====== RECORDS PROVIDED

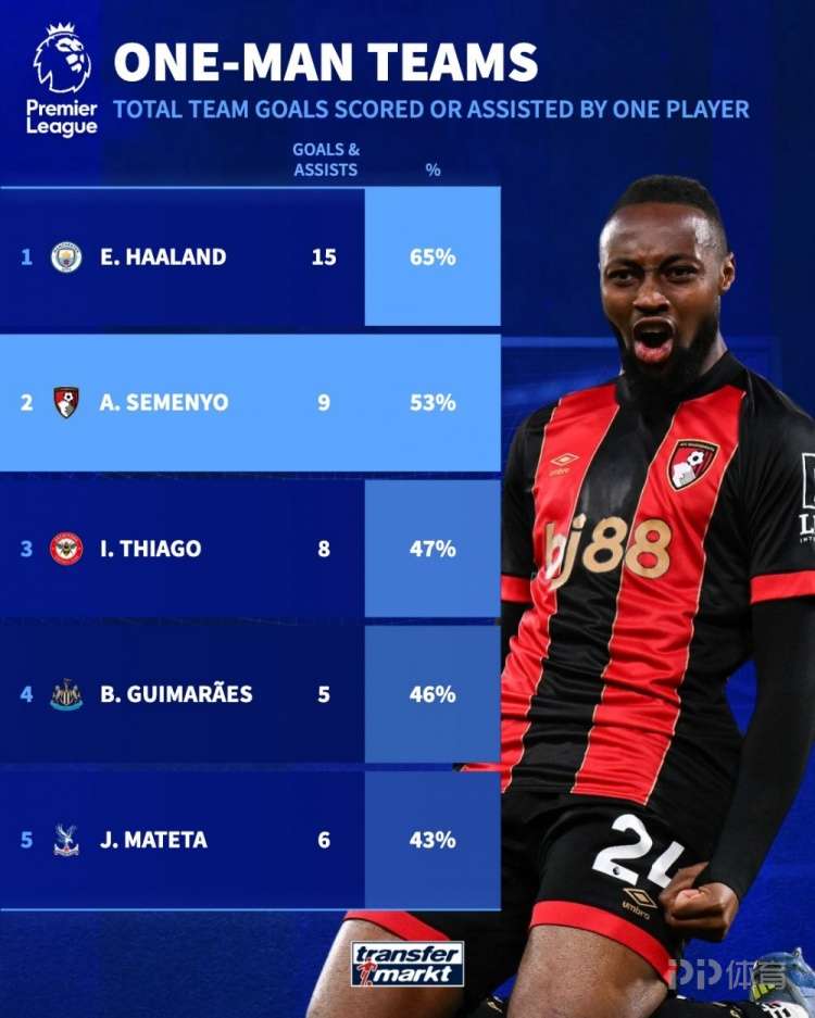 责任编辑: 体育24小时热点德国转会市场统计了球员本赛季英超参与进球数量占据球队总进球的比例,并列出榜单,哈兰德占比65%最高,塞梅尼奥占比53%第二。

============
====== RECORDS PROVIDED

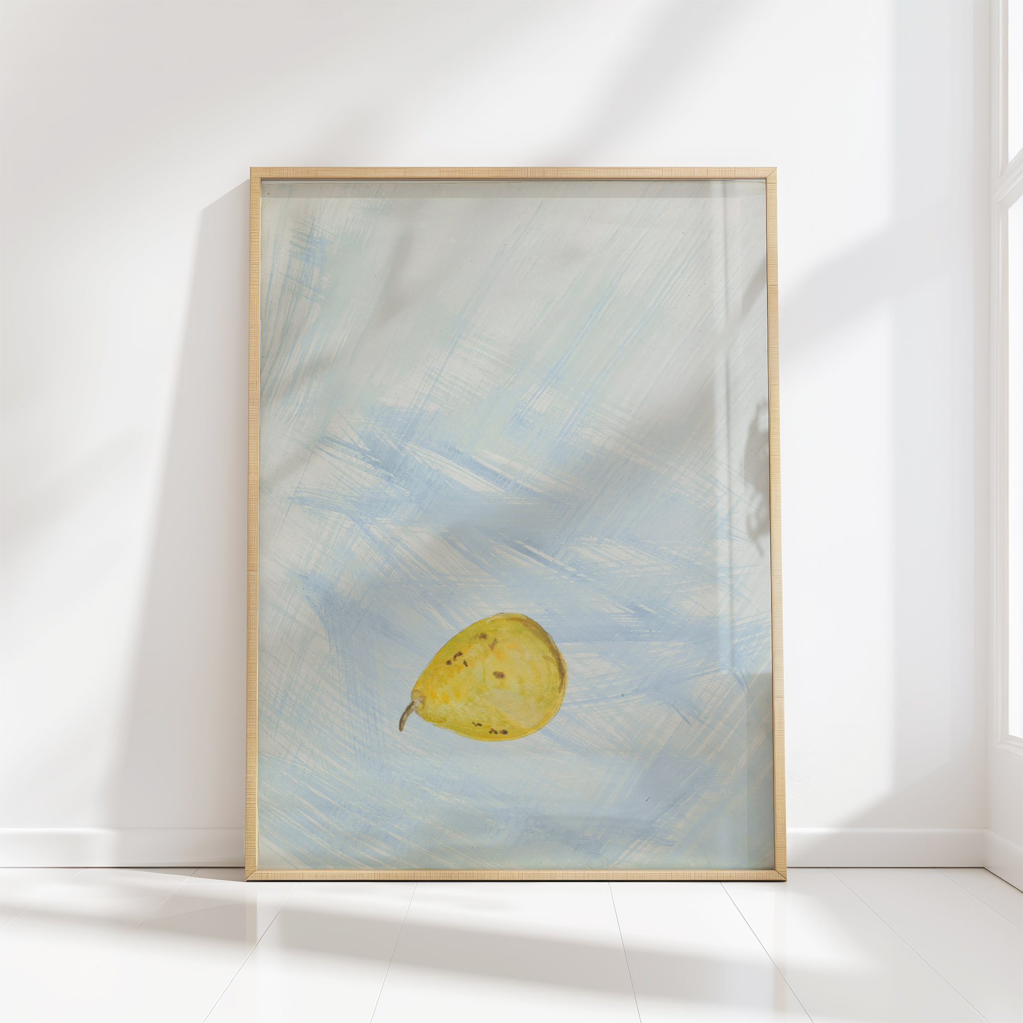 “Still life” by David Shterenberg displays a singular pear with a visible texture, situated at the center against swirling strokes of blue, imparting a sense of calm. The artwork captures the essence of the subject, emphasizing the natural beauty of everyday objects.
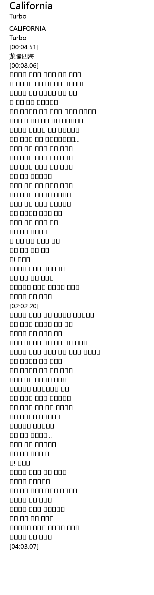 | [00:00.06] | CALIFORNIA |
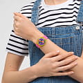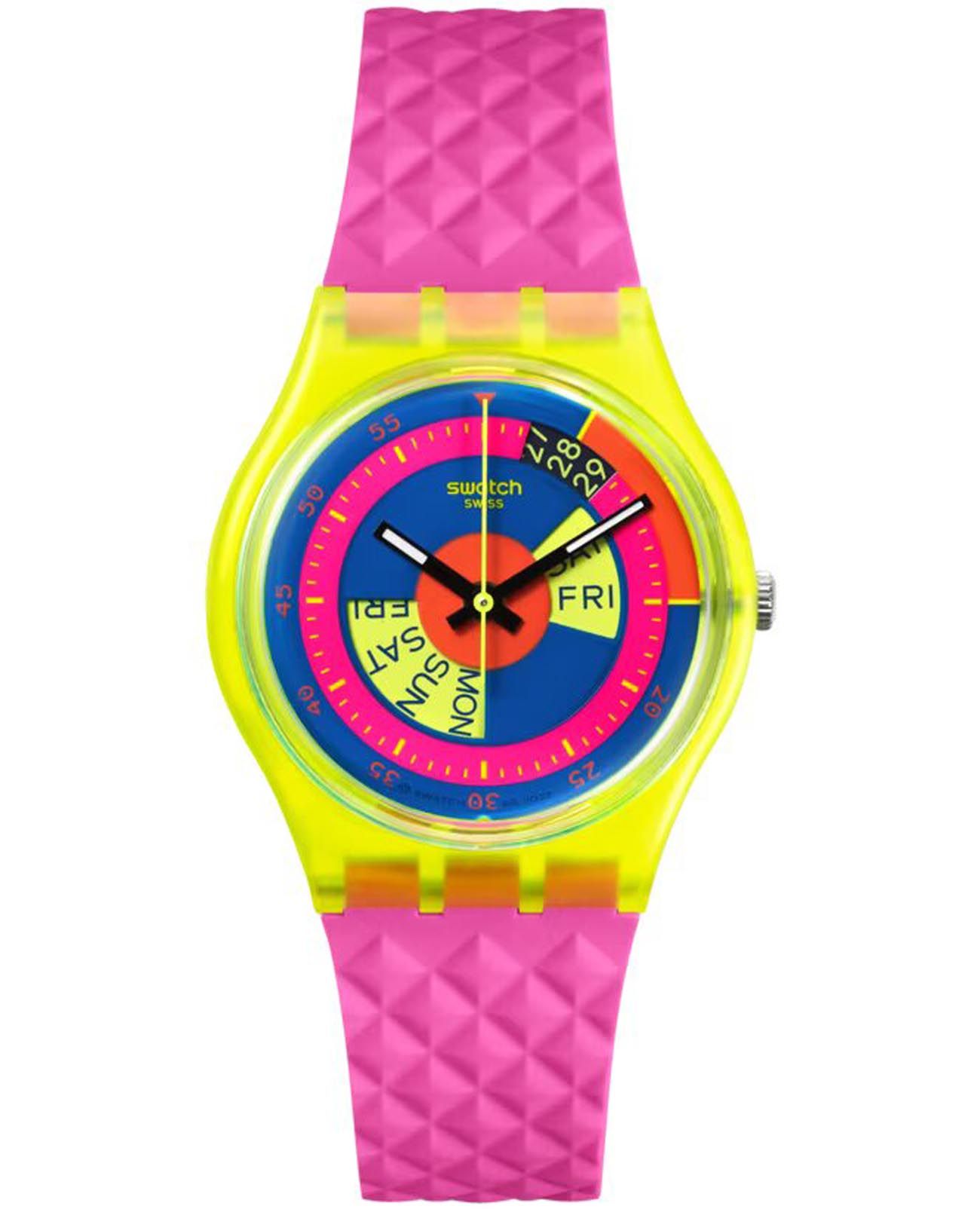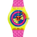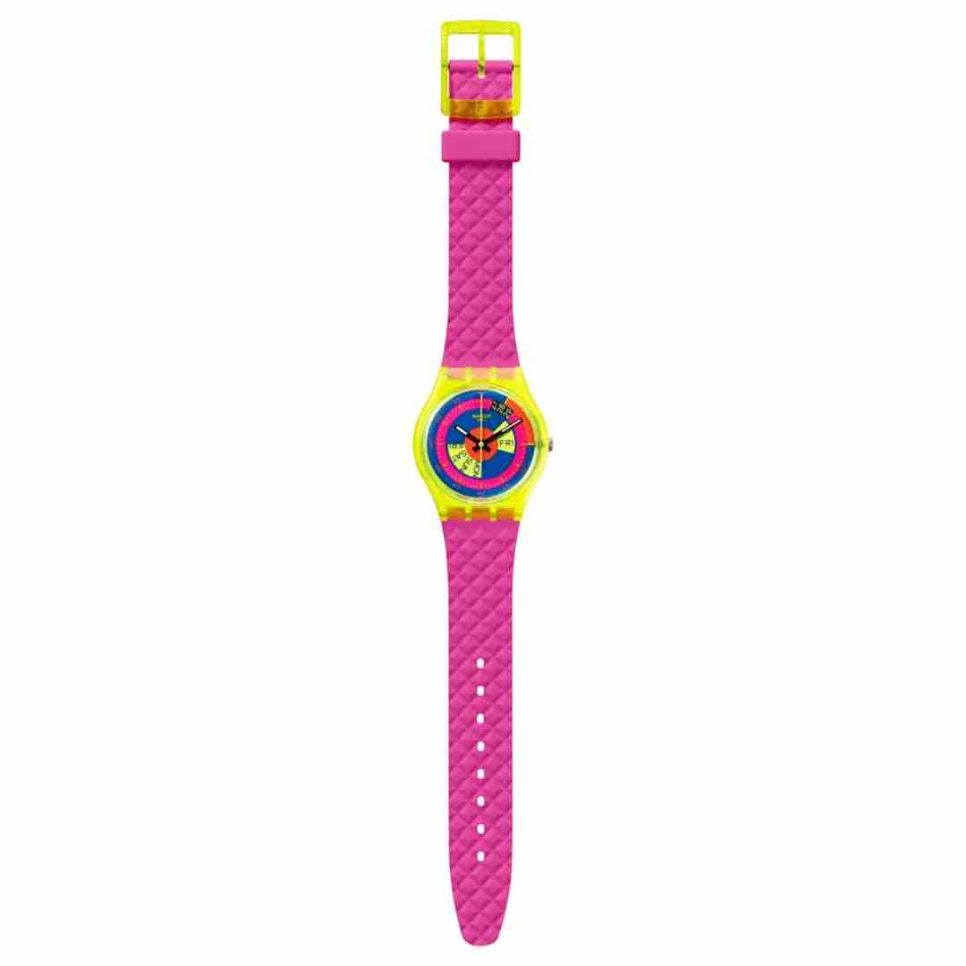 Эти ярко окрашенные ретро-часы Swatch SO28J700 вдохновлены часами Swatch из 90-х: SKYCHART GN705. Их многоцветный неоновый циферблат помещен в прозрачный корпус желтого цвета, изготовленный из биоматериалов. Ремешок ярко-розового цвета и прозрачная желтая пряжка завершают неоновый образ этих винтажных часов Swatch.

============
====== RECORDS PROVIDED

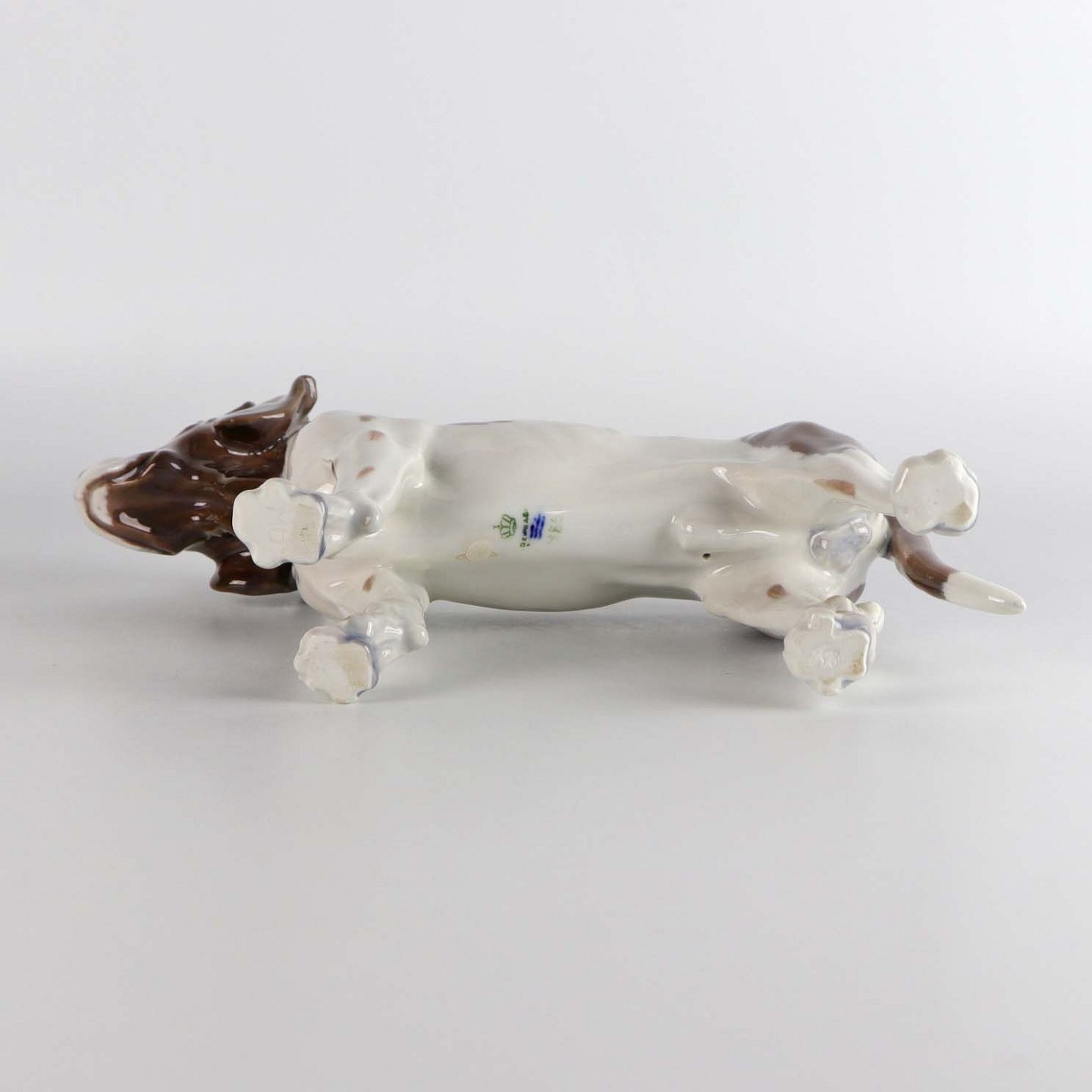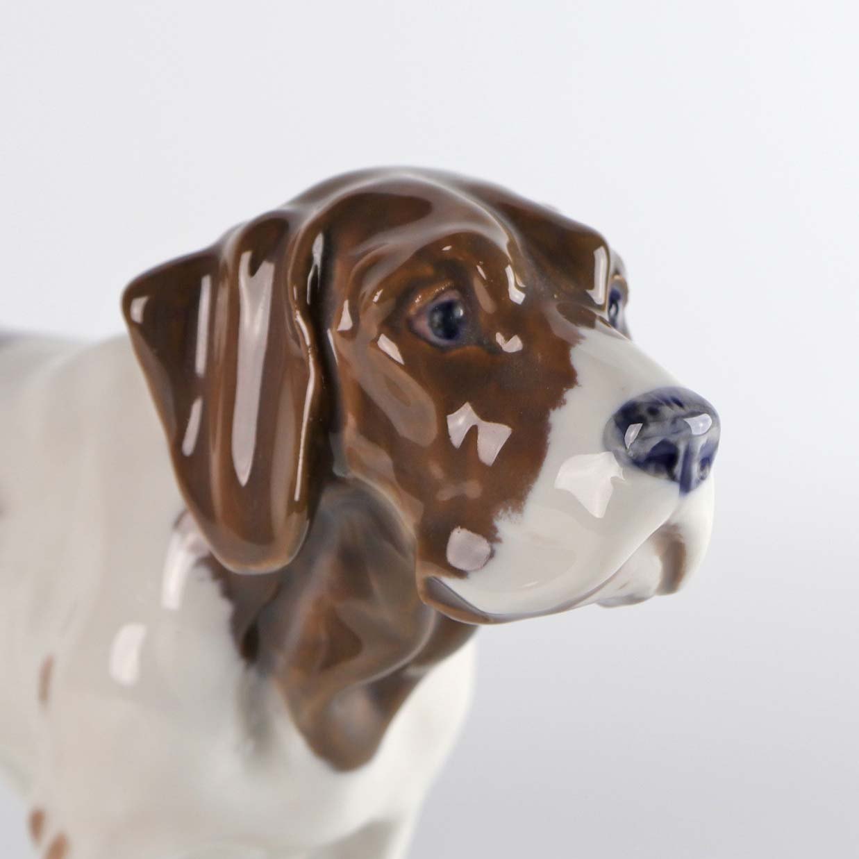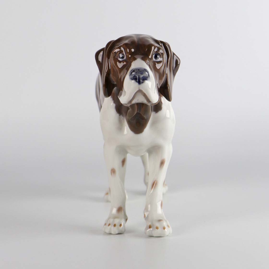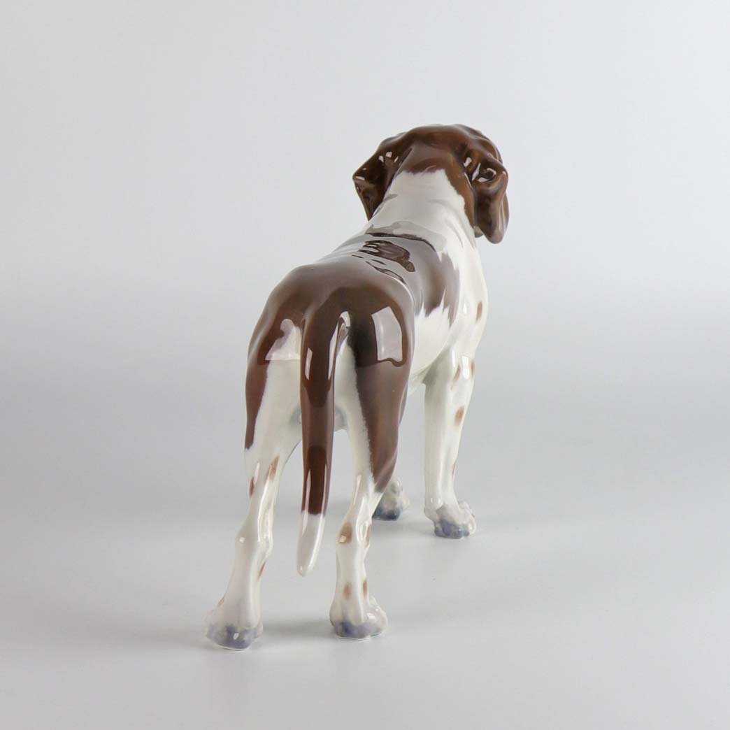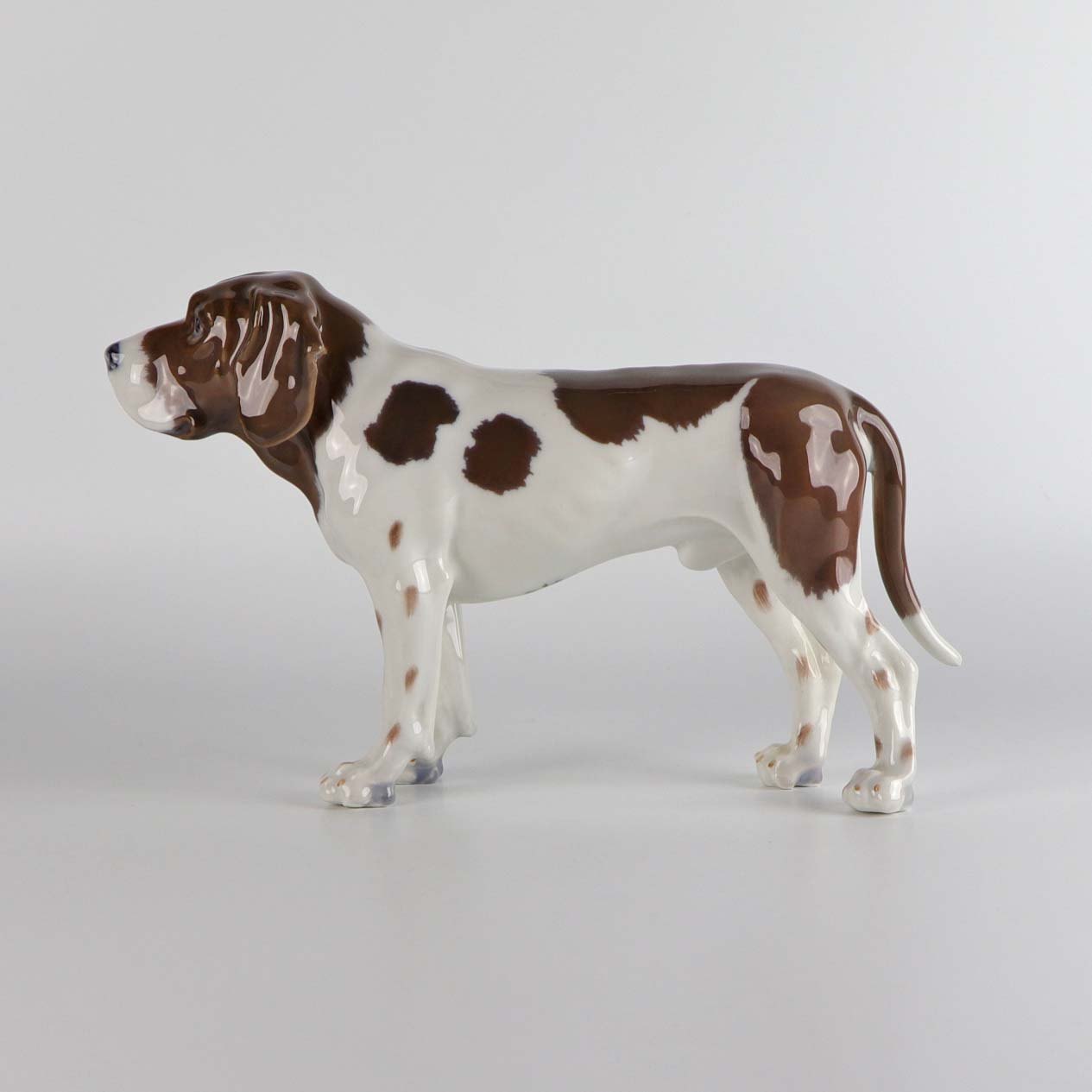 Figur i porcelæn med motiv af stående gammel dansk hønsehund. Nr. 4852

============

Within the listing above, extract exactly the lines that run from the one containing "of everyday objects." through the one containing "Эти ярко окрашенные", excluding any pictures.

 “Still life” by David Shterenberg displays a singular pear with a visible texture, situated at the center against swirling strokes of blue, imparting a sense of calm. The artwork captures the essence of the subject, emphasizing the natural beauty of everyday objects.
 | [00:00.06] | CALIFORNIA |
 Эти ярко окрашенные ретро-часы Swatch SO28J700 вдохновлены часами Swatch из 90-х: SKYCHART GN705. Их многоцветный неоновый циферблат помещен в прозрачный корпус желтого цвета, изготовленный из биоматериалов. Ремешок ярко-розового цвета и прозрачная желтая пряжка завершают неоновый образ этих винтажных часов Swatch.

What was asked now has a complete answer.